Production runs Celery workers. The plan was: when a conversions.process task succeeds via the Python parser, fire-and-forget a sibling cpp.shadow_parse task with the same input bytes. The C++ writes to its own cpp_flights / cpp_fdr_samples tables in Supabase (prefixed so they can’t collide with the production schema). Discrepancies become visible by comparing the two.

This needed more changes than expected:

  • The upload pipeline. Files were being saved to /tmp/fdr_uploads in the API container, then read by the worker — except the API and worker are separate Coolify apps with separate filesystems. The worker was getting empty bytes for every upload and silently parsing nothing. Python and C++ both. Pre-existing, surfaced by us actually checking. Rewired the upload service to write to a Supabase Storage bucket (fdr-uploads) and the worker to fetch via a fetch_upload_bytes() helper.
  • The C++ binary’s config model. It reads SUPABASE_URL, SUPABASE_KEY, etc. from a .env file — not from OS environment variables. The Python wrapper now writes a temp env file alongside the input file and passes --env <path>.
  • Table isolation. Added a --input-format dlu flag and a SUPABASE_TABLE_PREFIX setting so the binary writes to cpp_* tables. Created the migration. Doesn’t touch a single row of production data.

What shadow mode caught

On the same 18.8 MB 09042026_1558.dlu file:

ParserOutputTime
Python honeywell_dlu501 frames decoded16.6 s
C++ DluParser0 parameter records, 324,370 status records80 ms

The C++ DluParser has expected_record_type=0x000C baked in. On this file, that value matches zero records. 324,370 records get classified as “status” instead. The Python implementation apparently uses a different filter or a different framing model — we haven’t yet checked which side is correct.

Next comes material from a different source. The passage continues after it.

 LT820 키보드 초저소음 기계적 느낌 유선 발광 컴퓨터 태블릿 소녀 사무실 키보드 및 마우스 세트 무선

This is exactly what shadow mode is designed to catch. Without it, you’d have to either swap the C++ binary into production blindly (and watch your samples table fill with the wrong data type) or keep the C++ on the shelf forever. Shadow mode lets you see disagreements early, without exposure.

So what shipped

Production runs the Python parser. The C++ binary is built into the worker image and ready, but the dispatch is gated behind CPP_SHADOW_PARSE_ENABLED=false — flip the env, restart the worker, it’s on again. The wiring is real; we’ll use it when we have the DLU format question answered.

The whole exercise was about 15 commits. The headline finding wasn’t “C++ is faster than Python” — it was that we have two implementations that disagree on a fundamental field, and we’d never have known otherwise.

That, more than the C++ binary, is what we actually wanted to build.